Reading Rep is celebrating its tenth anniversary of its formation and a second season in its new venue with some bold and original adaptations of familiar stories. After the glorious success of a one-woman version of Jekyll and Hyde with the incredible Audrey Brisson and an intriguing resetting of Christmas Carol in the Huntley and Palmer Reading Biscuit factory comes a modern adaptation of Hedda Gabler set somewhere near London. This risk-taking approach to theatre combined with a £10 ticket price for those under 30 appears to be engaging the local communities and bringing a younger excitable audience into the venue which is to be celebrated and applauded.
The original Henrik Ibsen’s Hedda Gabler was written in 1891 around a woman trapped in a marriage and a house that she does not want and has been considered by many as one of the great dramatic female roles in theatre. When I saw Sheridan Smith play the role at Old Vic in 2012, she beautifully captured the tragic consequences of her manipulative behaviour in a grand period house. This new production at the Reading Rep intimate venue is written by Harriet Madeley and seeks to reinvent the story in a modern setting with the two rival academic authors competing for publication as well as the attention of Hedda now given a modern twist by changing the gender of Eilert Lovburg, her former lover to Isla. The rest follows with the three women, Isla, Thea and Hedda secretly attracted to each other, seemingly without the men, George, her husband, and Brack, now a publishing agent being fully aware. Curiously the effect is that rather than feeling Hedda is trapped in a six-week-old marriage, she seems manipulative and in control of her actions and one wonders why she simply does not leave her husband whose mind is clearly on his work. Indeed, the characters have become one-dimensional and their jumps in behaviours seem unrealistic and unbelievable.

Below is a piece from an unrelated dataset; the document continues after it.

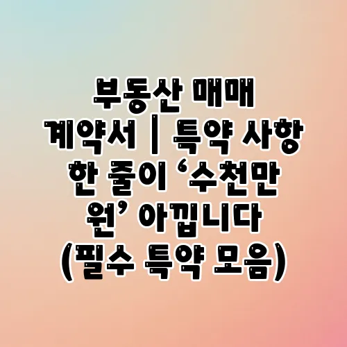📺 "부동산 매매 계약서|특약 사항 한 줄이 ‘수천만 원’ 아낍니다 (필수 특약 모음)"에 대해 알아보기!

It is not helped by the curious setting, designed by Amy Watts, in which the dilapidated old house is depicted with walls made of discoloured plastic sheets around a living room with a ludicrous fire pit in the centre of the room. As a result, the cast are called upon to step in and out of the pit throughout or carefully walk around its edges. Perhaps there was some symbolic meaning to when they stood in the pit, sat on the edge, or stepped up to floor level but I missed it, and it proved a massive distraction. Is Hedda meant to be drawing people into the destructive power of the flames? Equally, Director Annie Kershaw's decision to stage three intimate interviews on the forestage using hand microphones adds to the lack of realism as if the conversations are imagined or are flashbacks and lessens the dramatic impact despite the revelations. Another of Ibsen’s characters, Aunt Julie, is seen only in silhouette through the plastic while speaking through her smartphone to George which proves a rather dull dramatic device. Some of the audience clearly saw this differently as there was the occasional loud hysterical laughter in reaction to some of this which had the effect of dissipating any tension in the relationships on stage.

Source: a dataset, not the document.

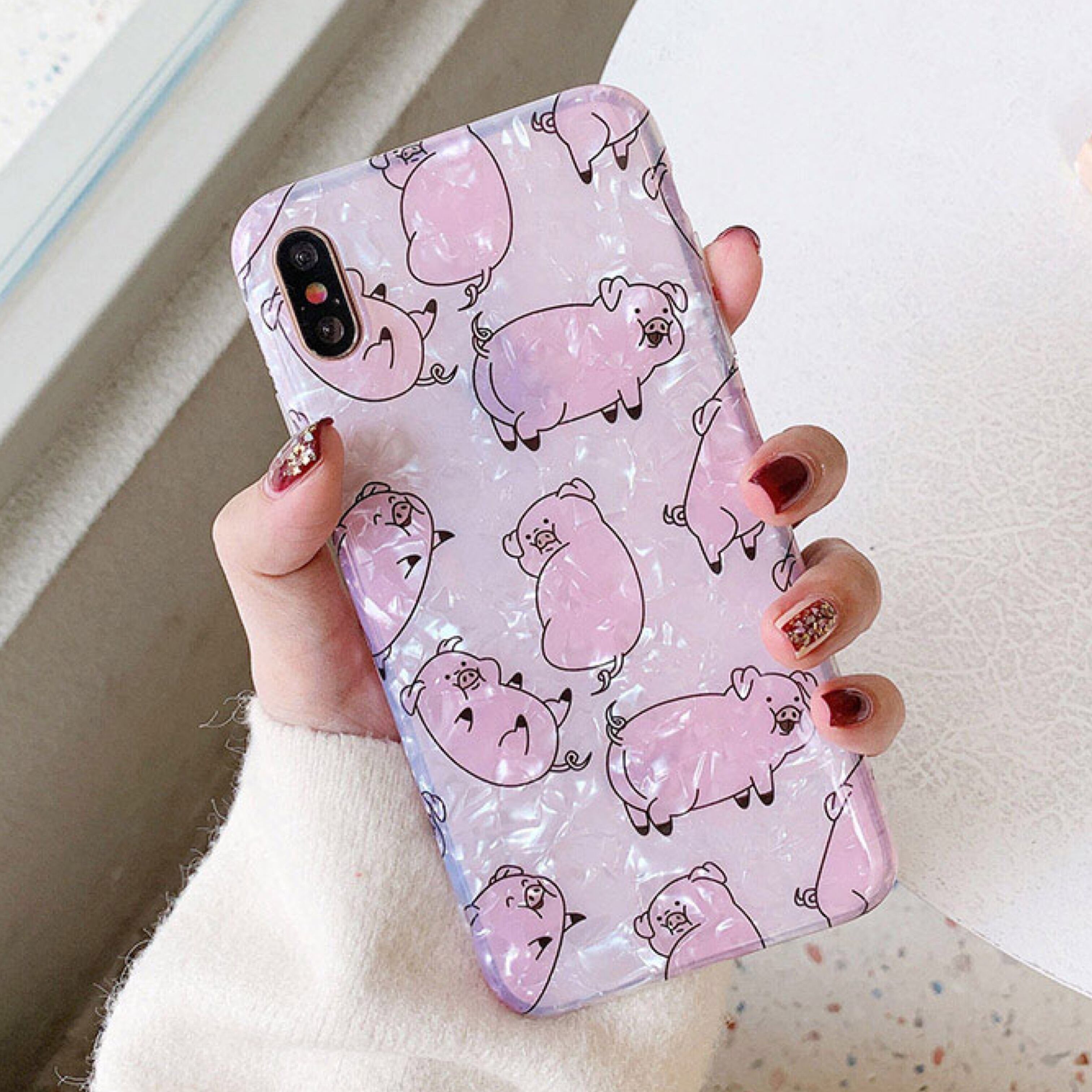 [bz24] ブタさん iPhoneケース Pink シェル加工 TPU ※新機種対応

The cast of five has to work very hard to create any dramatic tension in this setting and only occasionally do the characters connect in a way that seems believable and reveals insight into their feelings. Anna Popplewell makes her stage debut as Hedda Gabler and conveys the boredom she feels near her husband and displays cruel bitchy and unpleasant manipulative thoughts but never reveals any passion or desire towards any of the other characters. Jessica Temple as Isla fares better and conveys her struggle to control her alcoholism, her self-doubt, and her hidden passions well although does seem too ready to be influenced by Hedda. Mark Desebrock as George, Ryan Gerald as the controlling Brack and Natalie Perera as Thea are called on to reveal awkward tension in their relationships but suffer from the staging and lack of realism.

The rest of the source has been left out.